The core technical contribution is a new exact algorithm based on a dominance‑pruned variable elimination scheme. The algorithm exploits two observations: (1) partial strategies (i.e., assignments to a subset of decision variables) can be partially ordered by the expected utility they induce; if one partial strategy dominates another, every full strategy extending the dominated one is also dominated. Hence dominated partial strategies can be safely discarded. (2) By eliminating variables in a carefully chosen order (guided by the graph’s treewidth), one can propagate only the non‑dominated partial solutions, dramatically shrinking the search space. The algorithm first removes barren nodes and applies d‑separation to prune irrelevant parts of the graph, then proceeds with a sequence of sum‑marginalization and product operations on functions defined over the remaining variables. At each elimination step, the set of surviving partial policies is reduced by dominance testing, which is performed efficiently because the number of states per variable is small.

Complexity analysis shows that for a LIMID with treewidth ω and at most s states per variable, the exact algorithm runs in time O(s^{ω} · poly(|L|)). When ω is constant and s is bounded, this becomes polynomial, matching the conditions under which the FPTAS is derived. The FPTAS is obtained by discretizing the utility values and applying the same dominance‑pruned elimination while allowing a controlled loss of precision; the runtime scales polynomially in both the input size and 1/ε.

Experimental evaluation compares the proposed method against the state‑of‑the‑art CR algorithm (which maps a LIMID to a credal network and solves a mixed‑integer linear program). Random LIMIDs were generated with up to 150 variables and up to 10^{64} possible strategies. The new algorithm consistently outperformed CR, often by several orders of magnitude, both in runtime and memory consumption. In particular, for medium‑sized instances (≈ 50–100 variables) the exact algorithm solved problems that CR could not finish within a reasonable time limit. The FPTAS variant achieved ε = 0.01 approximations in seconds for large instances where exact computation would be infeasible.

The paper situates its contributions within the broader literature. Traditional dynamic‑programming approaches for influence diagrams rely on no‑forgetting and regularity; they are exponential in treewidth and provide only local optima when those assumptions are violated. The CR method handles LIMIDs without those assumptions but suffers from the combinatorial explosion of the underlying MILP. By integrating dominance pruning with variable elimination, the authors obtain an algorithm that is both theoretically grounded (hardness proofs, FPTAS) and practically superior (empirical speed‑ups).
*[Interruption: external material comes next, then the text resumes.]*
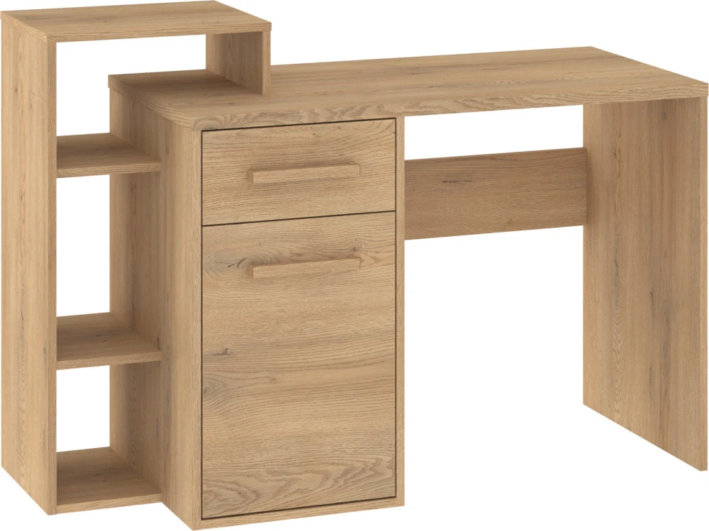 PC stůl Rio 03 se skvěle hodí do moderně zařízených interiérů - zejména obývacích pokojů, ložnic, studentských pokojů a pracoven. LTD materiál, ze kterého se stůl skládá, zajišťuje vysokou odolnost a špičkovou kvalitu. Na levé straně stolu se nachází skříňka, zásuvka a tři police, které můžete využít na uskladnění různých nezbytností. Stůl si můžete vybrat z několika barevných variant. Zajímavý design barev dodává stolu na luxusu a nadčasovosti.

Future work suggested includes extending the framework to multi‑objective utilities, online updating of LIMIDs in streaming environments, and distributed implementations for very large‑scale decision problems. Overall, the paper makes a significant contribution to the theory and practice of decision‑theoretic graphical models by delivering the first exact algorithm that scales to realistic LIMID instances and by delineating the precise boundary between tractable and intractable cases.